Unless you are a powerful wizard, placing a timestamp on something that does not exist anymore is rather impossible. At the end of the migration, the 6.5 instance may end up with entries that have been deleted on the 5.5 instance. One way to remediate this would be to perform a reconciliation with a target phase. But, this entails scanning the entire dataset again, which is not a viable solution. The other solution is to inspect the access log:

$ cat access.audit.json | jq 'select(.request.operation == "DELETE" ) | .http.request.path'
"http://openidm.example.com:8080/openidm/managed/device/5a0a5af8-651d-4512-af82-23618f2c8a61"
"http://openidm.example.com:8080/openidm/managed/user/615b4d19-39be-4941-8050-885c1c8c116b/device/bbcc5f13-34ad-40e5-ada1-6b77cfc42909"
"http://localhost:8080/openidm/managed/user/57a4be19-51af-4cbf-af13-2589f35e9f85/devices/47ee3600-0b24-424e-b91a-eb544fc0a9e2"
"http://localhost:8080/openidm/managed/device/28c529ea-6eff-4ef2-a1df-785b38dff59a"
"http://localhost:8080/openidm/managed/user/b8e770b3-7f6e-4a60-b290-60118cb6439a"

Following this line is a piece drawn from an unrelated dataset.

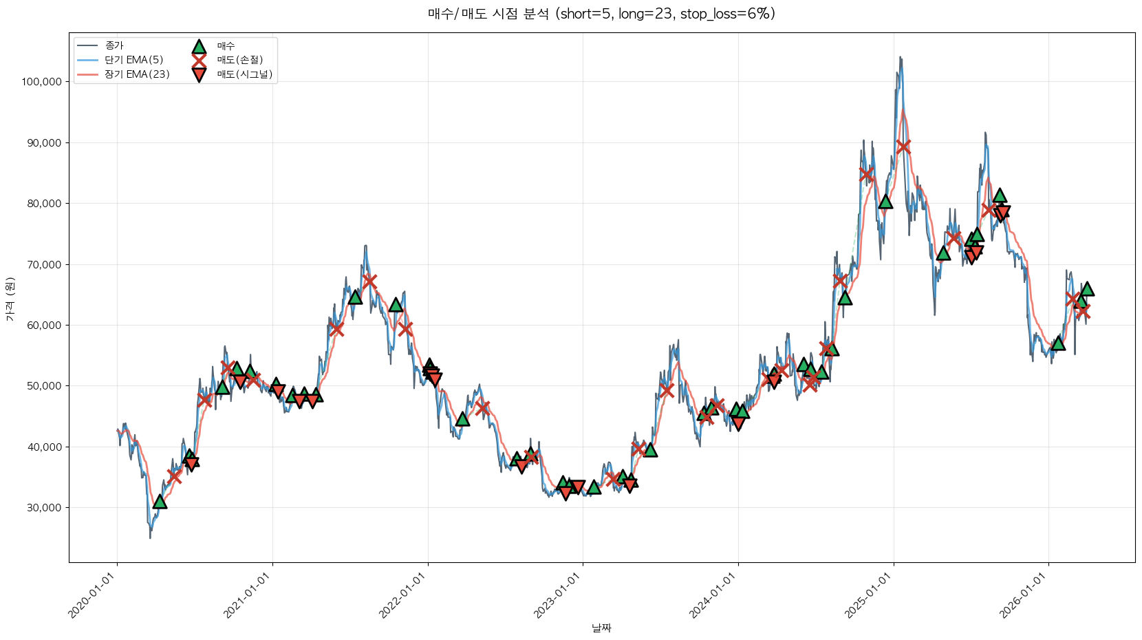 최적 파라미터: 단기=5, 장기=23, 손절=6%

In this extract, we can see that two ‘user’ entries have been deleted, as well as two ‘device’ entries, and one relationship. These can be simply replayed on the IDM 6.5 instance, after each incremental migration.

Conclusion

This solution requires minimal changes to the system in production, and with minimum impact. It is, however, highly recommended to rehearse the entire process in a test environment before applying to the production system.

The underlying idea behind this paper is reducing downtime by reducing datasets so that they can fit in non peak hours. One other area of research would consider reducing the migrated dataset by partitioning the data—turn traffic off for the first partition, migrate it, then turn over traffic to the new instance for this partition. Then, move on to the next partition the next day. This is more involved though; first, it assumes the data can be partitioned, and it assumes that the migrated instance (6.5) is already considered production. This means, a higher level of tests have been accomplished to master the process under production. And of course, ForgeRock® Identity Gateway (IG) would be the perfect candidate to operate the partial switches.

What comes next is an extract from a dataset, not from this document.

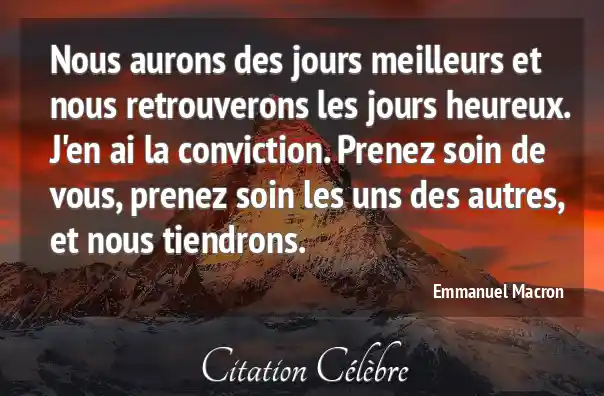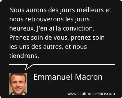 Nous aurons des jours meilleurs et nous retrouverons les jours heureux. J'en ai la conviction. Prenez soin de vous, prenez soin les uns des autres, et nous tiendrons.

In the IDM: Zero Downtime upgrade strategy using a blue/green deployment post, we described a methodology that fulfils a zero downtime migration, but it is more involved, and has an impact on the production system due to the additional implicit syncs (unless the systems are boosted to support the additional load). With the incremental approach, production will not be so much impacted, only by the additional requests coming from the second instance. And subsequent migrations should become lighter and lighter, until the last one, with downtime that should stay within a handful of hours.

These articles are a premise to show that there are many ways of accomplishing a migration, with or without the migration service, or a mixture, or none of those at all.

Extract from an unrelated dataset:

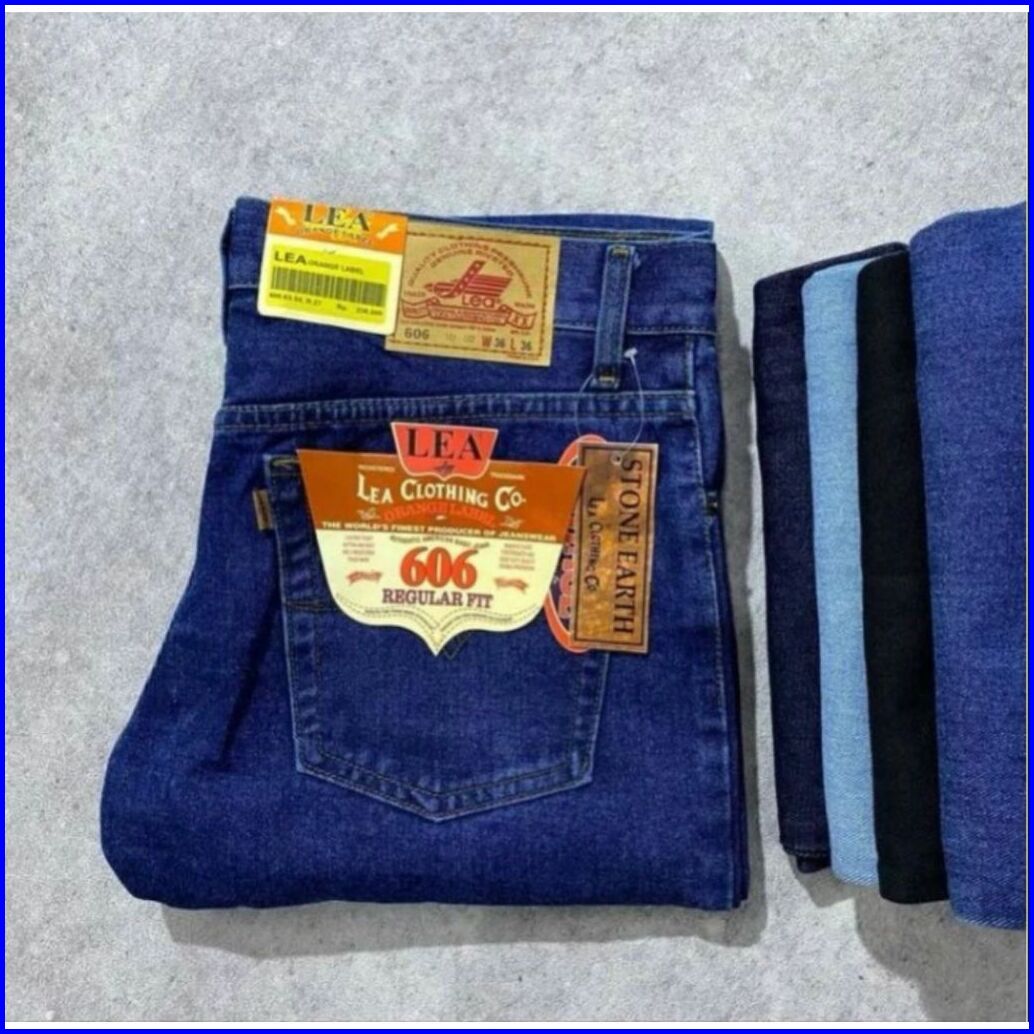 Celana Jeans Standar Pria Lea Reguler Fit Ukuran 27-38 Bahan Tebal Denim Premium

You could also imagine a migration methodology that does not involve the migration or reconciliation service, by having an external client application retrieving entries from the old instance and provisioning them to the second instance, while at the application level, all updates are systematically replayed to the second instance (IG would be a good candidate for this). In fact such an approach can end up more performant. And a migration can also operate at the database level, either transforming the data in place while the instance is taken offline, or live with the appropriate triggers. Whether this can be done or not depends on the nature of the schema, data content changes, and DB vendor (merely: whether it has JSON support). Some of those methods will result in an exact copy of the original data (with transformations)—what is meant here—same object ids. But some other methods won’t.

The last approach that has not yet been listed, is to use an intermediate storage, such as ForgeRock® Directory Server, to move data over. The LDAP connector is given for free, with LiveSync capabilities. Modelling relationships is perhaps more challenging, so your model should be a fit; however, part of the extra computing will be offloaded to the target instance.

So, choosing the best approach depends merely on your requirements and the nature of the data, the provisioning dataflows....and of course your stock of creativity!